LOESS
It is quite common to have a relation between two values represented as a scatterplot. However, visual representation of a scatterplot alone can often be non-informative if the data is sparse, noisy, and has outliers. We might want to estimate the possible relationship between variables by building a smooth line instead, so that we can learn more about the behavior of a process. We would also like to extrapolate the unknown values. LOESS is a non-parametric technique which does exactly that and provides an alternative to traditional regression models. LOESS (also referred to as LOWESS) stands for locally estimated (weighted) scatterplot smoothing, and its main purpose is describing local behaviour of some process without using any prior knowledge about the nature of this process. Unlike parametric regression models which rely on global relationship between variables, non-parametric models display more flexibility in representing the exact nature of observed events, taking into consideration local patterns. As such LOESS helps to pinpoint some of the relationships which would be overlooked by traditional parametric regression. Applying LOESS first during exploratory data analysis could also help in determining a non-linear model to be fitted later.
Below is an example of LOESS performed for some set of observations:
As we see, fitting linear regression in this particular case would not be wise as the process clearly changed its trend in the middle.
How it works
Smoothing with local regression
Given a set of $n$ observations we should select $m$ equally spaced points (they may not be represented by existing $n$ points). For each of these $m$ points the value is recalculated as a weighted average of a certain number of existing neighboring points where the nearest datapoints have the biggest weight.

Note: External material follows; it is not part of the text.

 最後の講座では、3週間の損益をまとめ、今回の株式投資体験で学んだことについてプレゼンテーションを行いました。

Although we do not use parameters here for specifying the shape of the curve, a couple of hyperparameters should be specified beforehead in order to define the global behaviour of the algorithm. These are:
- the smoothing parameter $\alpha$ which determines the proportion of all observations used in a sliding window. Can have values between 0 and 1. Larger values of $\alpha$ produce smoother curves
- parameter $\lambda$ which determines the degree of the polynomial which is fitted to the points. $\lambda$ higher than 1 may help to capture the local curvature. The general rule is to set $\lambda$ to 1 when the function is expected to have monotonic behavious, and to 2 if the curvature of the line may produce local minima and maxima
The parameter $\alpha$ actually determines the number of points used in recalculation of each of $m$ points. One thing to note is that the number stays the same even if the point has neighboring values only to one side.

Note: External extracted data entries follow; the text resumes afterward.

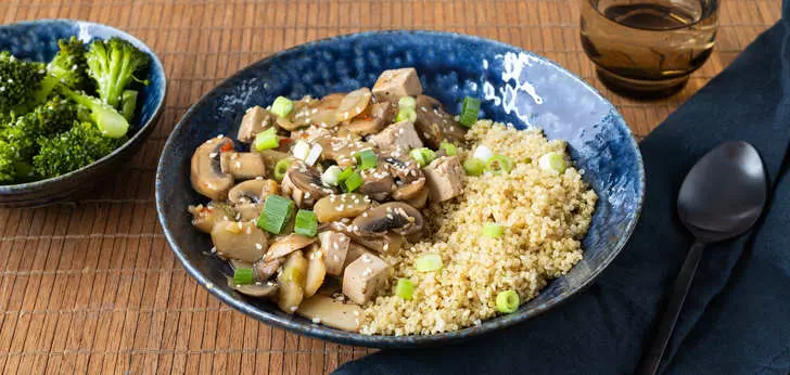 Serveer de quinoa met de paddenstoelenstoof, strooi de rest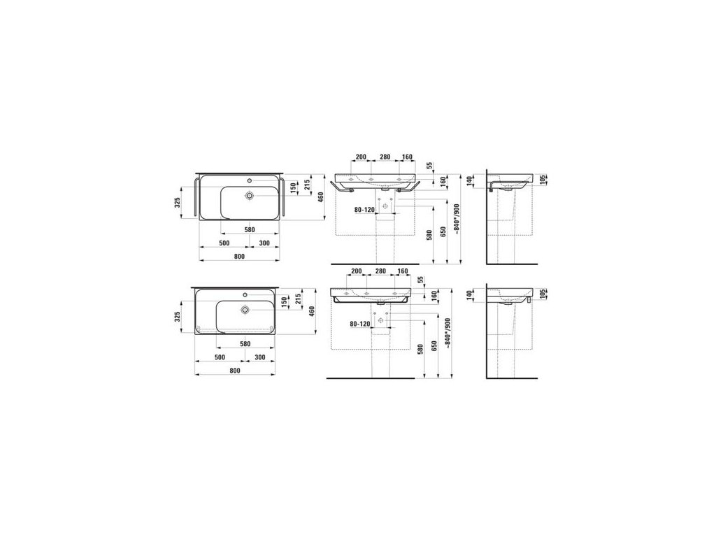 Laufen Meda Umyvadlo 80 cm s odkládací plochou, levé, bílá H8171150001041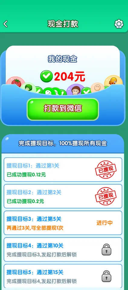 2、提现金比例升级:随着玩家通过的关卡数增加,红包提现的比例逐步提高,最高可达100关100%提现,激励玩家持续探索更多关卡。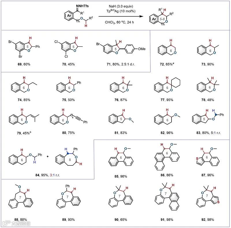 -邻三氟甲基苯磺酰腙倾向于发生分子内的2° C−H键插入反应以形成五元环(二氢化茚)和六元环(四氢化萘),带有苄基醚的

The weight of each of the nearest neighbours is determined by a tricube weight function:
$w_i = (1-d_i^3)^3$
where $d_i$ is the fraction of the distance to $i$th point from the maximum distance. So if we are calculating the value of some $j$th point then $d_i$ the distance between this point and its $i$th neighbouring point divided by the distance between this point and the farthest point in its window.
All other points which are outside of the relevant window do not have any weight whatsoever.

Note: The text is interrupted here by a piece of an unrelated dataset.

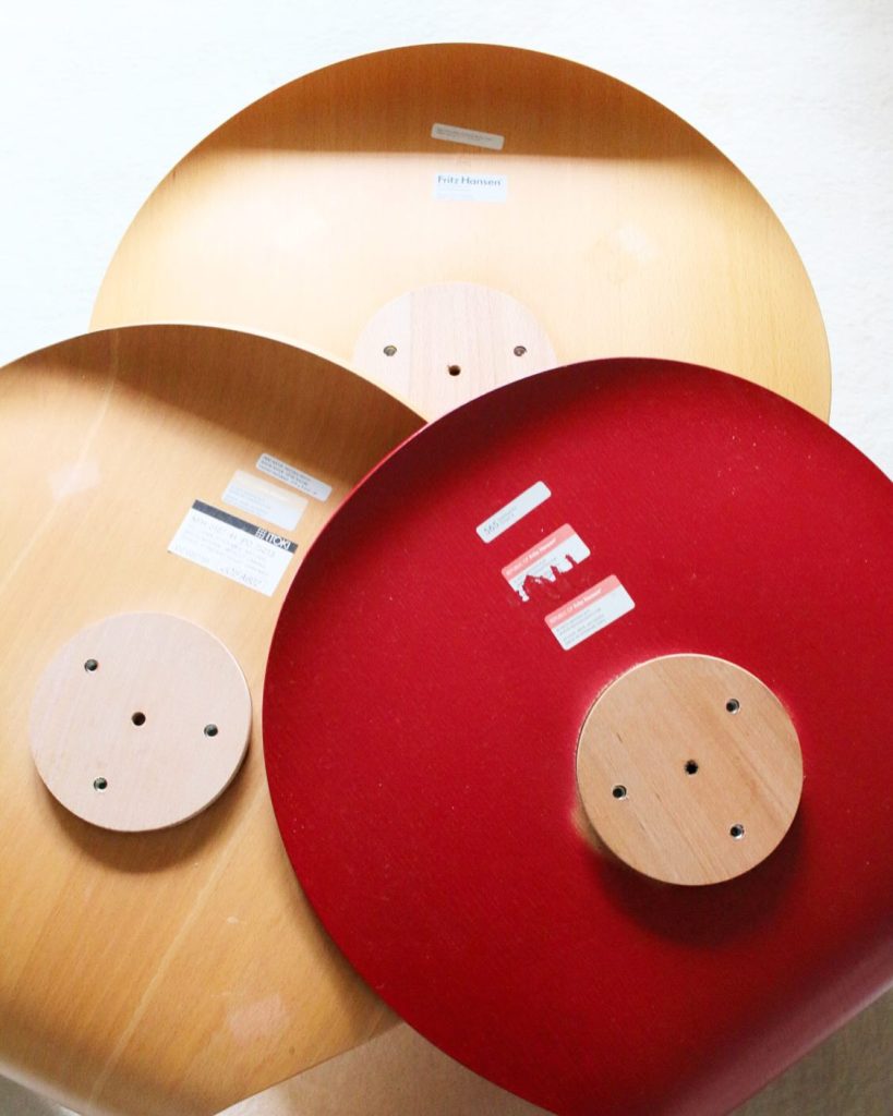 セブンチェア、アントチェアの座面修理、イームズシェルチェア張替えなど、

Next, the parameters are estimated for each point of the local regression by minimizing the following expression:
$\sum_{i=1}^{n}w_i(y_i - \sum_{k=0}^{\lambda}b_k x_i^k)^2$
This expression basically represents a weighted least squares cost function adjusted by the factor of $\lambda$ to allow polynomials in the main function.
Robustness step
Since local regression takes only a subset of observations the impact of outliers becomes more severe. Hence an additional robustness step may be performed within LOESS in order to remove the influence of outliers on the shape of a curve. Here is how it is done.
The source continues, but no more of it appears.